Annotated Bibliography

  1. Coley, Medeiros, and Schindler (2008) explicitly examined the consequences of risky human sexual behavior and young adulthood. The authors found a highly significant relationship between risky sexual behavior during mid adolescence (from ages 14 to 16) and risky sexual behavior during late adolescence (from ages 15 to 19), suggesting that there is

some stability in risky sexual behavior over time. Specifically, they found that controlling for early drug use, that having unprotected sex during adolescence (when respondents were

on average 14 years old) predicted drug use during late adolescence/young adulthood

(when respondents were on average 19 years old).
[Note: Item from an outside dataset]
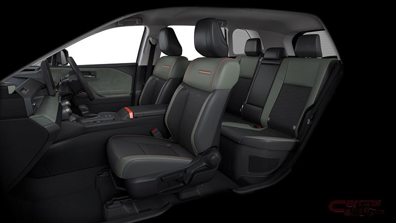 - 「Z」:フロントは、塊感のある「SUVハンマーヘッド」デザインを採用することで力強さを演出。ボディ同色バンパーとメッシュグリルに加え、グリル内側の加飾が先進的かつ立体的な存在感を際立たせ、リヤではバックドアガラスとランプが一体化したシームレスなデザインを採用し、ワイドで洗練された印象を強調。
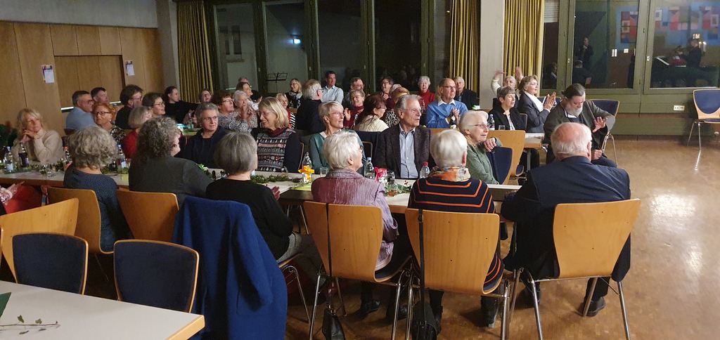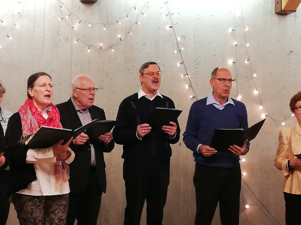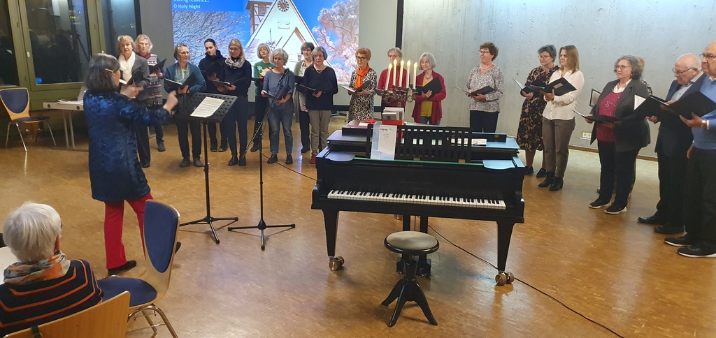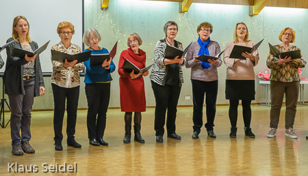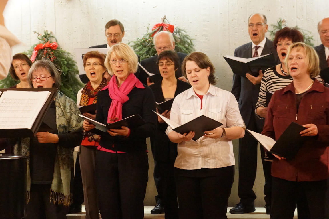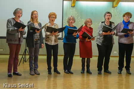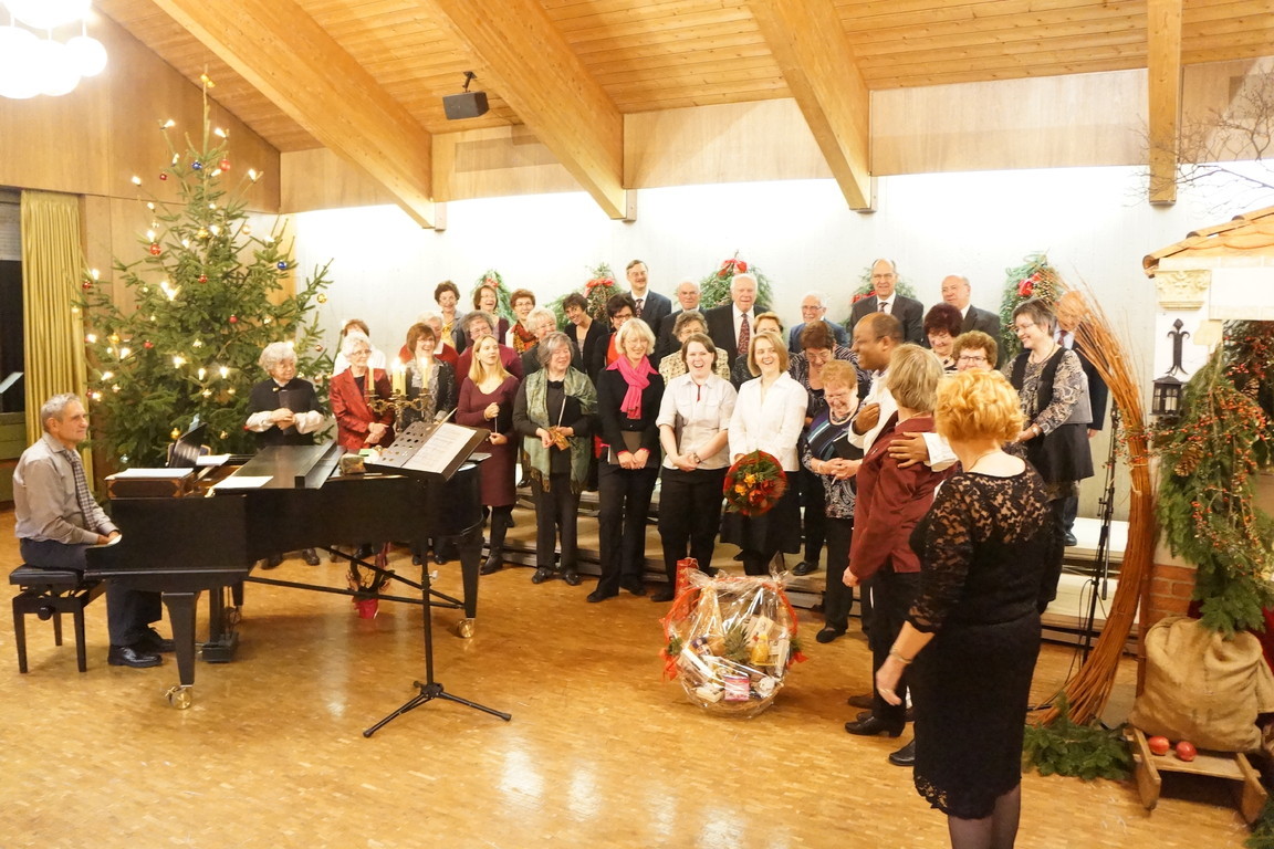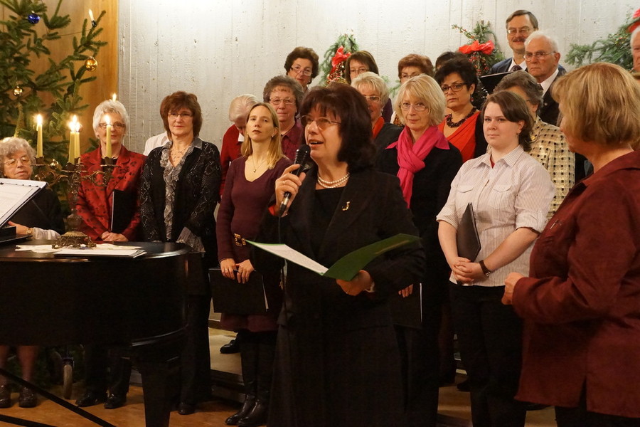 Beide Chöre konnten daher eine große weihnachtlich und fröhlich gestimmte Feierschar mit dem Chor „Freue Dich Welt“ von Händel begrüßen und in das Programm einstimmen. Nach erfrischend knappen Worten zur Begrüßung durch die 1. Vorsitzende ging es mit Manfred Bühlers „Heut kam ein Engel“ für beide Chöre weiter. Der Stammchor bot, ebenfalls von Bühler, „Friede auf Erden“, Frommlets „Zündet die Lichter der Freude an“ und Gerd Onnens „Gloria“. Hier zeigte sich, dass auch bei vermeintlich gut bekannten und seit langem zum festen Repertoire gehörenden Liedern Proben gut tun und eine intensive Beschäftigung lohnt.

  1. Coker, Richter, Valois, McKeown, Garrison, and Vincent (2004) found evidence that early sexual behavior was associated with a greater lifetime number of sexual partners, a lower likelihood of using a condom during their last sexual encounter, a higher likelihood of becoming pregnant or impregnating a partner as a teenager, and, for girls, a higher incidence of STDs. The authors concluded that the link between early and risky sexual behavior is logical. Youth who engage in early sexual behavior are less experienced and less mature than youth who wait until later adolescence to initiate sexual behavior, thus they are less aware of the physical and emotional risks associated with sexual intercourse. In turn, if they are unaware of the potential consequences of engaging in sexual intercourse, they will be less likely to protect themselves from STDs by using condoms or to see the danger in having multiple partners or having sexual intercourse while using substances like alcohol or marijuana (Coker, et al., 2004).